リモート分散環境でOSGiを使うためのソフトウェア。OSSとして公開。自分でリモート接続コードを書かなくても、内部的にうまくやってくれてユーザは各OSGiバンドルの開発に集中できるらしい。

まとめると、マイクロサービスの実現例の1つとして、OSGiを使って、リモート分散をAmdatuに使いましたよというセッションでした。

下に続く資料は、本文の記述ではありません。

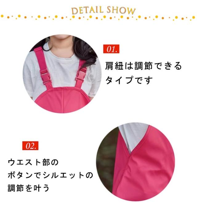 | 砂遊びや水遊び安心!子供用防水サロペットパンツ。 ウエスト部のボタンでシルエットの調節を叶う 肩紐は調節できるタイプです 裾にゴムが入り、体に程よくフィットします オールシーズン使えるゆったりとしたサイズ感、 普段の通学通園はもちろん、遊びや海辺などのシーンに大活躍間違いない | |

Banking on OpenJDK: How Goldman Sachs Is Using and Contributing to OpenJDK [CON5177]

Goldman Sachs社のOpenJDKへの取り組みに関するセッション。

Goldman SachsJava
  • 1998年頃からJavaを技術評価として利用開始
  • 2004年から自社コレクションフレームワークを作り始め(githubで公開中)
  • 2013年からOCAにサインして、OpenJDKへのコントリビュートを開始した
  • 190GB以上のヒープを持つシステム、大量の分岐があって、JITコードキャッシュに影響を与える特殊な環境が特徴的。
なぜOpenJDKに力を入れ始めたのか
  • ソースが見れるのが何よりも重要
    • 商用でクラッシュしても解析できる
    • HotSpotの内部で改善できそうな部分を自分たちで見つけることができる
  • パッチを投げることが、自分たちのためにも、コミュニティのためにもなる
どんな風にOpenJDKを使っている
  • トラブルシューティング、新規能の研究・検証に使用
    • JVMTIでアサーションエラーが発生したバグ解析とパッチ作成の事例を紹介
  • 今のところ、プロダクション環境では使っていない

OpenJDKしてのソースが公開により、筆者自身もAPIやHotspotでのトラブル時に大変助かっている。Redhat Enterprise Linuxを使っているシステムではOpenJDKがバンドルされていて気軽に使えるので、もっと使われるところが増えると嬉しい。